Module string_intern

Module string_intern 

Source
Expand description

Small-string interning (Phase D.4).

Extracted from value_word.rs in Phase R6.3.

§Design rationale

True small-string optimization (SSO) in the sense of “pack the bytes inline in the 8-byte ValueWord” is not feasible in the current layout: all 8 NaN-boxing tag values (0b000..0b111) are already consumed (see tag_bits) and only 48 bits of payload are available, which is too few bytes to be useful (strings <= 6 bytes is a rounding error).

Multi-slot SSO (spreading bytes across 2-3 adjacent stack slots) would require compiler support for multi-slot string bindings and invasive changes to the executor + JIT — not worth it as an isolated change.

Instead, we collapse the common case of repeated short strings via a process-global intern pool.
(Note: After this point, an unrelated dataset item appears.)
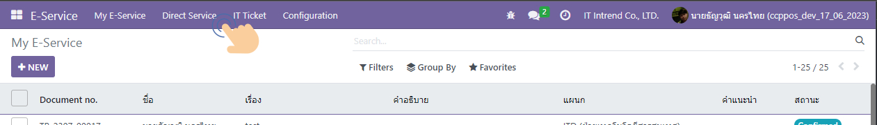 1. เข้า Home Menu เลือก Approval Dashboard เลือกที่ ITI Ticket และ DIRECT TICKET
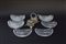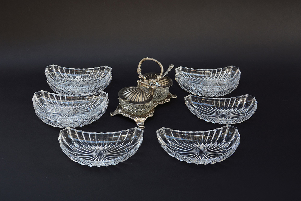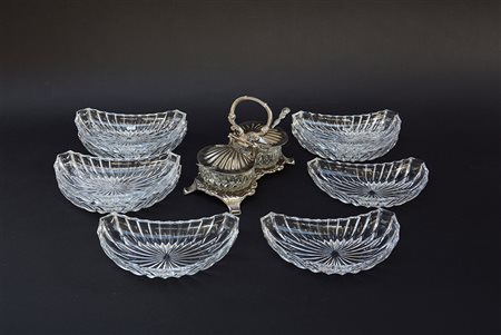 Lotto composto da nove antipastiere a semilune in cristallo sfaccettato ed una formaggiera con struttura in metallo e coppette in cristallo (difetti)

Programs allocate Arc<String> over and over for the same content (field names, enum tags, short literals like “ok”, “id”, “name”). With interning, N copies share a single allocation and the Arc refcount does the rest.

§Behavioural contract

  • ValueWord::from_string(s) still returns a ValueWord wrapping Arc<String>. Callers observe no change: as_string() / as_heap_ref() return the same &str content. Mutation is already impossible via Arc<String> (no Arc::make_mut is called on interned strings in the codebase — all string ops produce a new String).
  • Long strings (len > INTERN_THRESHOLD) bypass the pool entirely: the hash/lookup cost isn’t justified for long unique payloads, and the memory win would be marginal.
  • The pool is bounded by INTERN_CAP entries. When full, new lookups fall through to the no-intern path — we never evict, keeping all live Arc<String> refs valid.
  • The pool uses std::sync::LazyLock<Mutex<...>>. A HashMap<Arc<String>, ()> (set semantics keyed by the Arc’s string content) would work, but using HashMap<Arc<String>, Arc<String>> lets us return the canonical Arc without rebuilding one.

§Future work

A fully-inline SSO (store up to ~22 bytes inline across a 24-byte heap object with its own refcount) would eliminate the outer Arc allocation entirely for short strings. That’s a bigger change — it touches the HeapValue representation, VM executor string reads, JIT FFI, and wire serialization. Revisit once the StringObj / UnifiedString v2 paths are the primary runtime representation.

Constants§

INTERN_CAP
Hard cap on pool size. When reached, new strings bypass interning. Sized to comfortably fit all stdlib field names + enum tags + common literals across a large program. Entries are never evicted once inserted (the pool owns an Arc ref keeping the string alive).
INTERN_THRESHOLD
Strings with byte length <= this value are candidates for interning. Chosen to cover common field names, enum tags, and short literals (e.g. “ok”, “err”, “id”, “name”, “type”, “value”) while excluding long user content where the hash cost dominates.

Functions§

intern_short_string
Return the canonical Arc<String> for s if s is short enough to intern; otherwise return s unchanged. Callers should always use the returned Arc — it may be a different (shared) pointer than the input.